WORK TASK:
Pictures should be left out while the data beneath this task is written out word for word.

PROVIDED DATA:
============
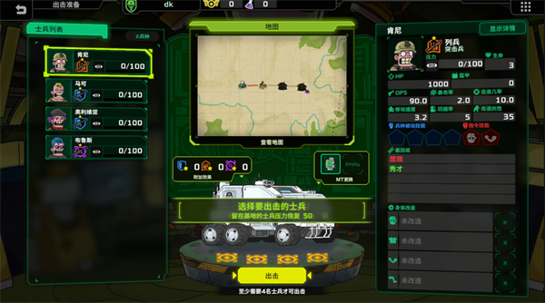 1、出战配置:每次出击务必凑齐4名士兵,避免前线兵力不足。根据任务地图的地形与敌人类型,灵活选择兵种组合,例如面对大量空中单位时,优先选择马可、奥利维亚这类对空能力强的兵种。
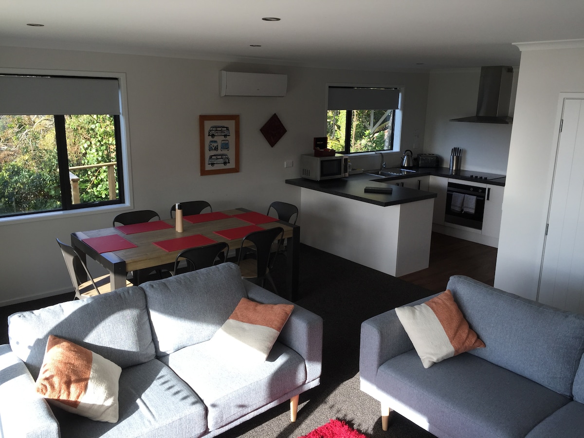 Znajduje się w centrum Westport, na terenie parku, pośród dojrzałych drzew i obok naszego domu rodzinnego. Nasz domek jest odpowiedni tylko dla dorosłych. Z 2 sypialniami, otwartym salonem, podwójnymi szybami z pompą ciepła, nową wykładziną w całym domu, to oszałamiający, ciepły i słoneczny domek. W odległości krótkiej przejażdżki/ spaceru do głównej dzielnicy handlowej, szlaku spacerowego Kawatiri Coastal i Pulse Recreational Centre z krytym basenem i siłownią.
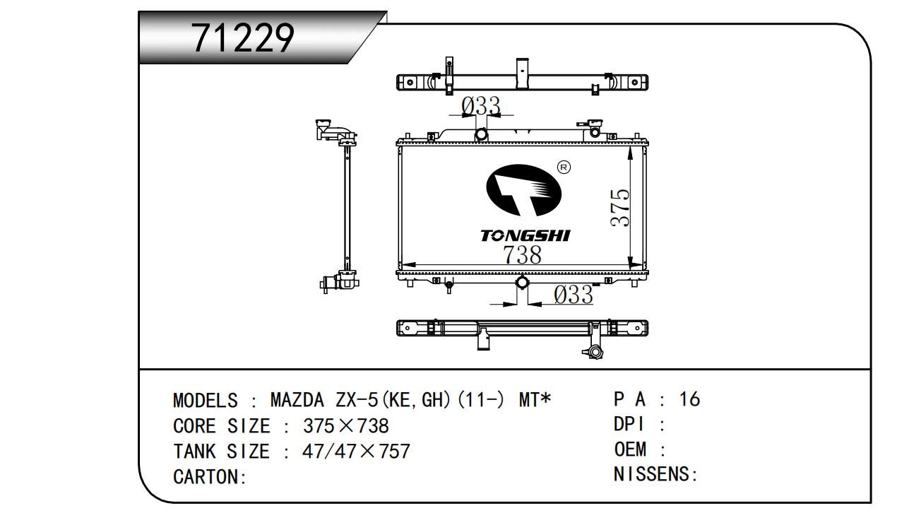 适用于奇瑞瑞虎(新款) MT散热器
============
EXPECTED OUTPUT:
 1、出战配置:每次出击务必凑齐4名士兵,避免前线兵力不足。根据任务地图的地形与敌人类型,灵活选择兵种组合,例如面对大量空中单位时,优先选择马可、奥利维亚这类对空能力强的兵种。
 Znajduje się w centrum Westport, na terenie parku, pośród dojrzałych drzew i obok naszego domu rodzinnego. Nasz domek jest odpowiedni tylko dla dorosłych. Z 2 sypialniami, otwartym salonem, podwójnymi szybami z pompą ciepła, nową wykładziną w całym domu, to oszałamiający, ciepły i słoneczny domek. W odległości krótkiej przejażdżki/ spaceru do głównej dzielnicy handlowej, szlaku spacerowego Kawatiri Coastal i Pulse Recreational Centre z krytym basenem i siłownią.
 适用于奇瑞瑞虎(新款) MT散热器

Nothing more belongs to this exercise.